Some of the jokes may be inappropriate for children, so it’s best to proceed with caution if you plan on sharing them with a younger audience. However, for adults looking for a good laugh, these jokes are sure to tickle your funny bone.
From witty one-liners to clever puns, this list has something for everyone with a mature sense of humor. So sit back, relax, and get ready to chuckle your way through these 40 jokes for adults.
Table of Contents
#1
A parachute is not required in order to skydive. A parachute is required if you plan to skydive twice.
#2
“My mom passed away when we couldn’t remember her blood type. As she died, she kept beckoning us to “be positive,” but it’s hard not having her.”
#3
Asking my phone, “Siri, why am I still single?” was my question for the day. it turned on the front-facing camera.
#4
I went back to my childhood home today on a drive. I was overcome with nostalgia and begged the residents if I might come inside, but they rudely refused and banged the door shut. Those folks are the pits.
#5
Everyone seems to adore you when you donate a kidney. However, the authorities are notified if five kidneys are donated.
#6
Black humor is like food. Not everybody gets it.
#7
I took a gun to the doctor, who gave me a year to live. I was given 15 years by the judge. Issue resolved.
#8
During weddings, my older relatives would make fun of me by saying things like, “You’ll be next!” Once I began treating them the same way at funerals, they stopped.
#9
My spouse and I have made the painful decision to say no to having children. If someone does, kindly tell me your information so we can deliver them the following day.
#10
Almost certainly, your parents celebrated a successful new year if you were born in September.
#11
“Does anyone know CPR?” yelled the waiter as I was sipping my cocktail. “I know the entire alphabet,” I exclaimed, and we all burst out laughing.

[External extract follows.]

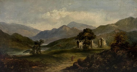 Artículos similares a Antiguas ruinas de un castillo en un paisaje de las Highlands escocesas Pintura al óleo del siglo XIX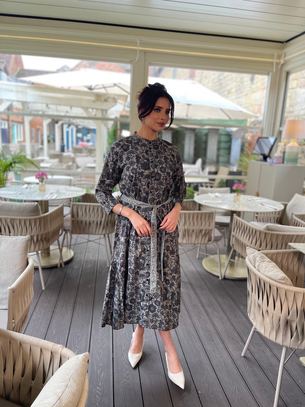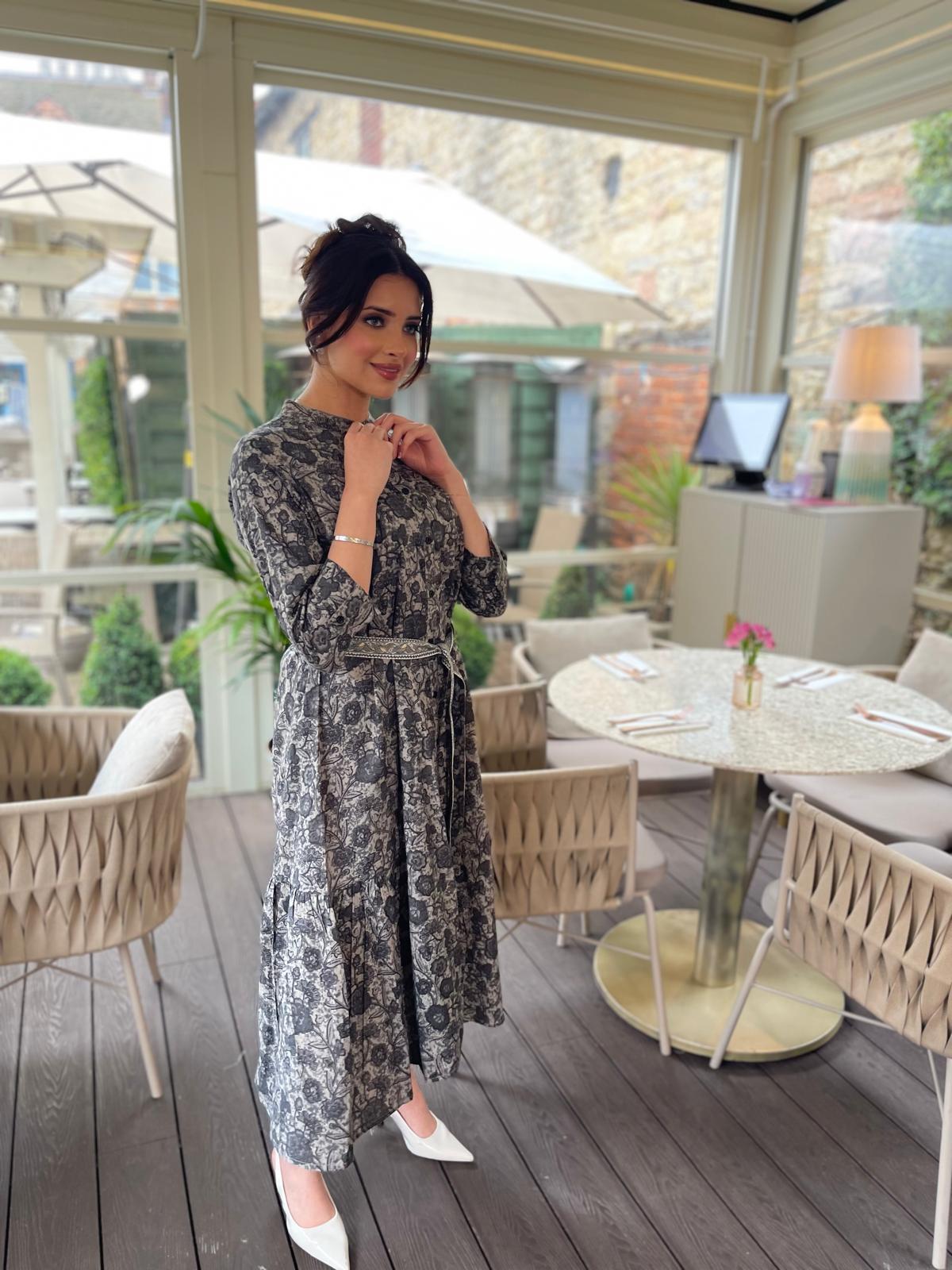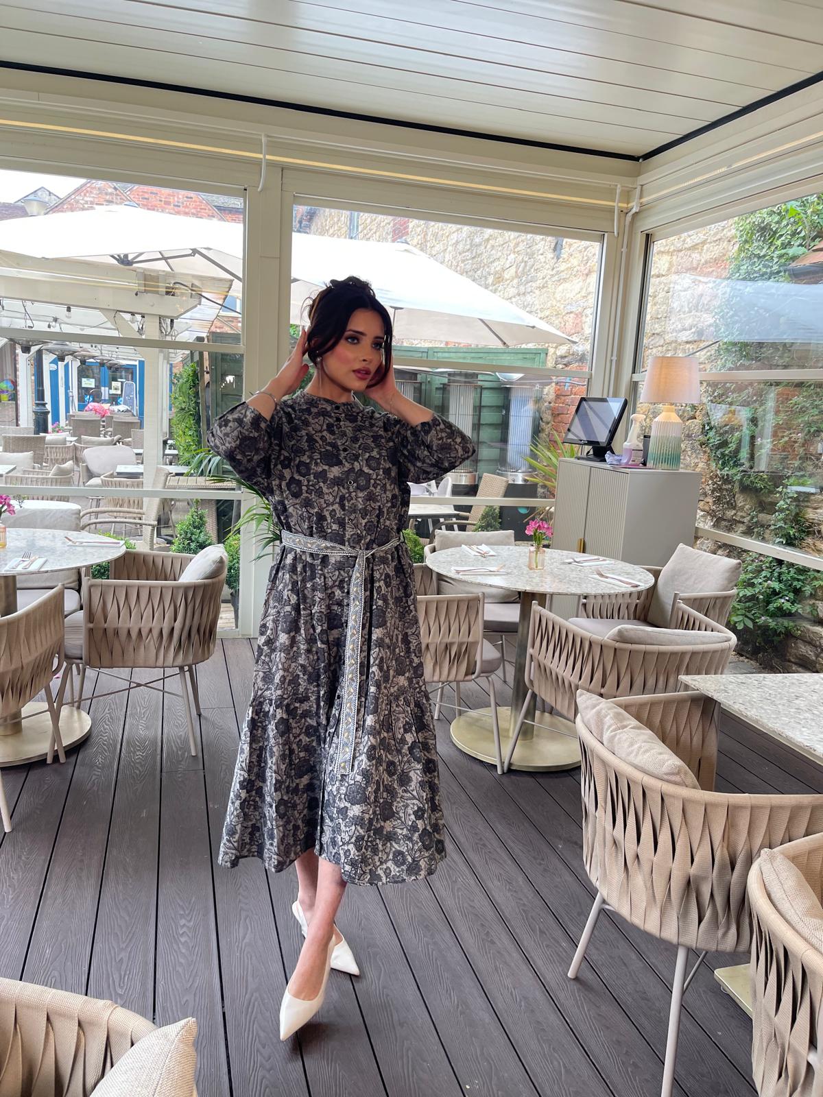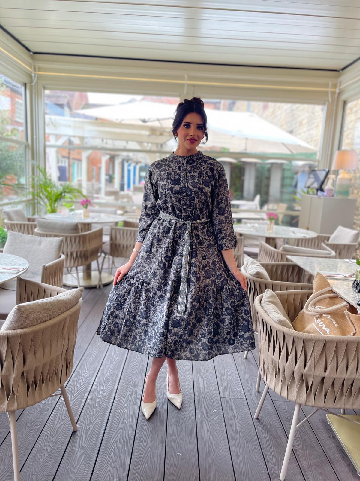 Discover the effortless elegance of our Silver Skies Midi Dress. This ethnic dress features a midi length, perfect for any occasion. Crafted from premium fabrics, our dress offers both comfort and style. Elevate your wardrobe with this versatile piece.

Well, one exception applies.
#12
I went to my new friend’s residence to see him. I should settle in, he said. I then threw him out. I detest having guests.
#13
Growing older makes me think of all the folks I’ve lost along the way. Perhaps choosing to become a tour guide was not the best decision for me.
#14
Entering an enchanted woodland, a guy attempts to chop down a talking tree. The tree yells, “You can’t cut me down. I’m a talking tree!” “You may be a talking tree, but you will dialogue,” the man replies.
#15
The building of a strong vocabulary is crucial. Had I been aware of the distinction between “antidote” and “anecdote,” one of my closest companions would still be alive today.
#16
My job at the library was only for fifteen minutes. It turns out that the Sci-Fi / Fantasy section isn’t the proper place for novels about women’s rights.